As a pastor, Trotter freely integrates his journey through infidelity and back again into his sermons, Kissinger said.
Kissinger decided to take Trotter’s weekend seminar. Worried that the workshop would send her “bawling,” Kissinger said she was pleased to find it a process of personal introspection. Months later, the lessons have stayed, and she finds herself making short-term achievements and working toward long-term goals.
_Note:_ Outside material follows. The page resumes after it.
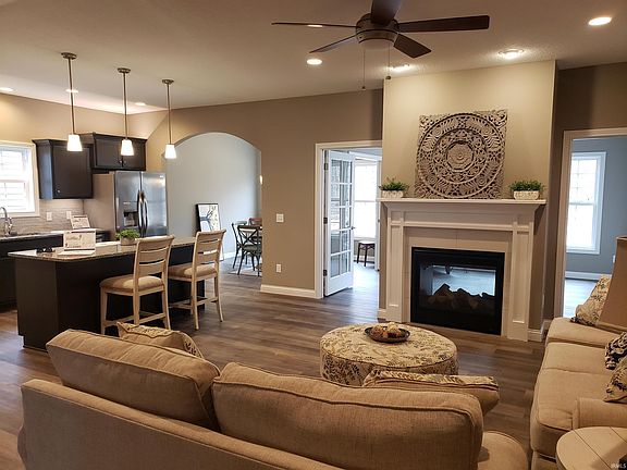 Welcome to The Cottages at Copper Creek. The Cottage Series by Majestic Homes offers 10 floor plans, 5 Exterior color packages, and many wonderful standards that can only be found in the Cottage Series. This home is situated on a beautiful pond lot and offers 1,945 sq/ft of living area, a 759 sq/ft garage, 3 bedrooms, a 2 way fireplace between the Great Room & Sunroom, a dining room, a spacious kitchen w/quartz countertops, Soft close drawers & doors, custom D & B cabinets, and a walk in pantry. The master bedroom offers a trey ceiling w/recessed lighting, a spacious walk in closet with Closet Concepts storage, a tiled walk in shower, and double vanity. Beautiful LVP flooring dominates this home, with carpet in the 3 bedrooms. This home offers all of the standards that Majestic is known for along with minimum threshold entries from the garage and back patio, comfort height toilets, floor plug in the great room, a large laundry room w/a utility sink, a 3 car garage, Curb cut, floored attic storage, Frigidaire Gallery Series Appliances, and more.
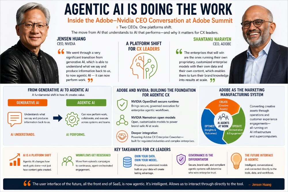 Back to that powerhouse CEO duo on stage here at Adobe Summit. Huang drew a sharp line between generative AI — systems that understand and produce information — and the agentic era now underway, in which AI performs work. For CX leaders who have been watching the AI hype cycle with appropriate skepticism, it was a useful framing.

“I’m more content with myself,” Kissinger said. “I move past issues that I have.”
David Trotter said he doesn’t know how his life would’ve turned out had that woman not left him to return to her husband. Both Trotters still grapple with the effects of the affair. But through David’s books reflecting on his infidelity, people have emailed him and Laura to talk about being in or being a victim of an adulterous affair. In working with these people and talking them out of an all-too-familiar impulse to escape, Trotter said he has found catharsis in preventing another’s pain. For her part, Laura Trotter has helped others share the pain of finding out about infidelity.
“When we talk about our junk inside, we build it up to think we’re so alone,” she said. “I’ve helped people [who have] gone through similar situations. There’s healing in that.”